# iPod Touch iOS upgrade concern



## gabevanlelyveld (Apr 20, 2007)

Hi,

I'm not sure if this is the right place to ask this question as the iPod is not technically a computer, but i'll ask anyway.

I've read of a number of people who upgraded their iPod touch 1st Gen to iOS 3.1.3 and, in the process, lost their volume control slider. I'm currently running iOS 3.0 and everything works fine. Should I be concerned about this? 

I just read the list of improvements from 3.0 to 3.1.3 and it seems like it would be good to upgrade, but I don't want lost the volume slider. Also, people experiencing this problem have said it's either very difficult (read: a pain in the ***) or impossible to downgrade the iOS after going to 3.1.3, hence my cautiousness.

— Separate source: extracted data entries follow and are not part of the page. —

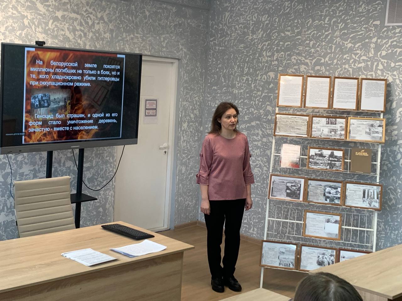 С целью формирования исторической памяти обучающихся на основе осмысления ими фактов геноцида белорусского народа в годы Великой Отечественной войны, формирования отрицательного отношения к насилию, негативного отношения к войне в колледже прошел Единый урок, посвященный трагическим событиям в д.Хатынь "Хатынь: боль и память..."
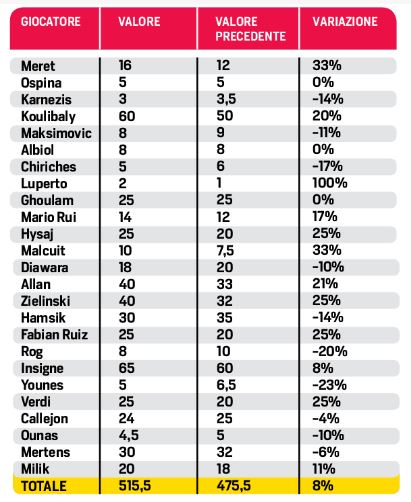 I risultati e il rendimento dei giocatori hanno fatto salire la quotazione della rosa a 515,5 milioni: miniera d’oro con Insigne e Koulibaly pepite preziose.
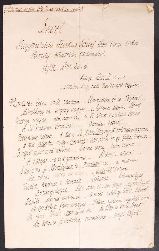Leírás: 1900 Ócsa, Szabó Géza lelkész által írt levél Farkas József teológiai tanárhoz királyi kitüntetése alkalmából
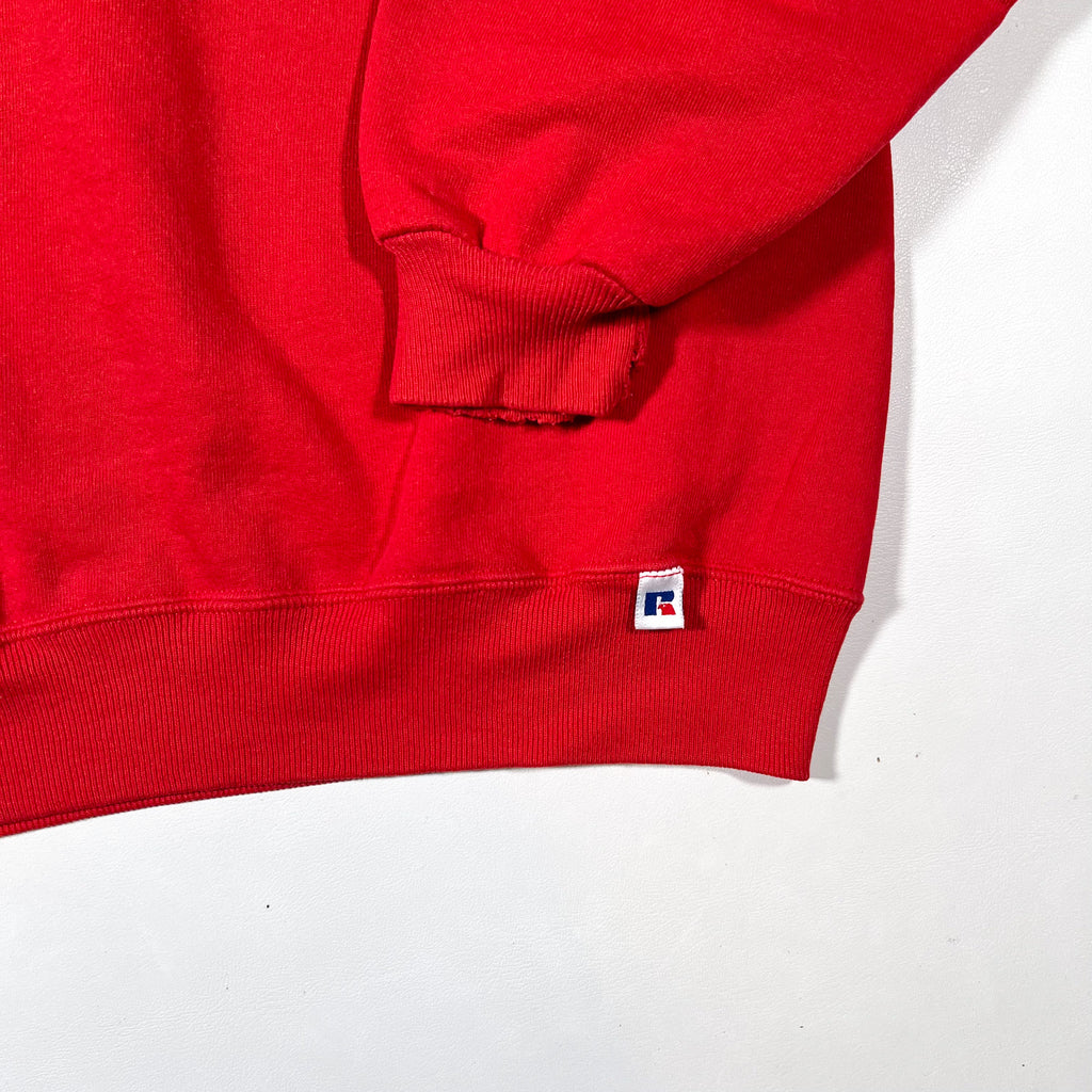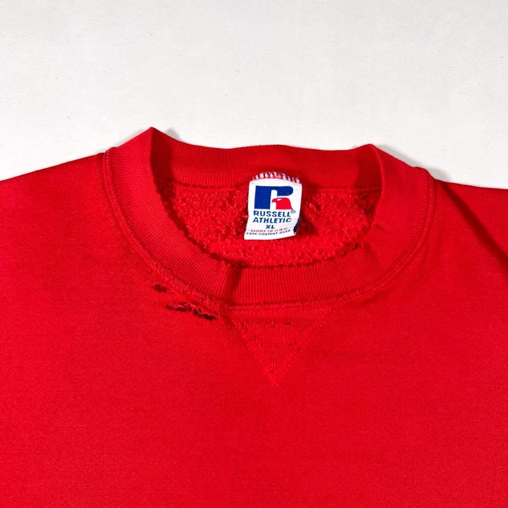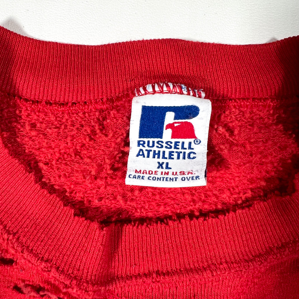 Bold vintage 90's Russell Athletic crewneck in a vibrant red. Features the classic V-stitch at the collar, soft fleece interior, ribbed cuffs and hem, and the small Russell flag tag at the waist. Made in the USA — a harder-to-find detail collectors love.

Any thoughts are more than welcome. Thanks in advance, Gabe


----------



## CEM (Jan 5, 2011)

You can turn off and turn on with push POWER BUTTON + on the screen single button together and turn on. It will go back factory setting.
Than try to update again.


----------



## gabevanlelyveld (Apr 20, 2007)

Just to be clear, I myself am not experiencing this or any other problems. I'm just concerned about this potential issue and was wondering if anyone else had heard of it or had experienced it themselves.

Thanks.


----------



## sinclair_tm (Mar 11, 2005)

I have not heard of this issue, so I don't know anything about it. Which volume slider got lost?


----------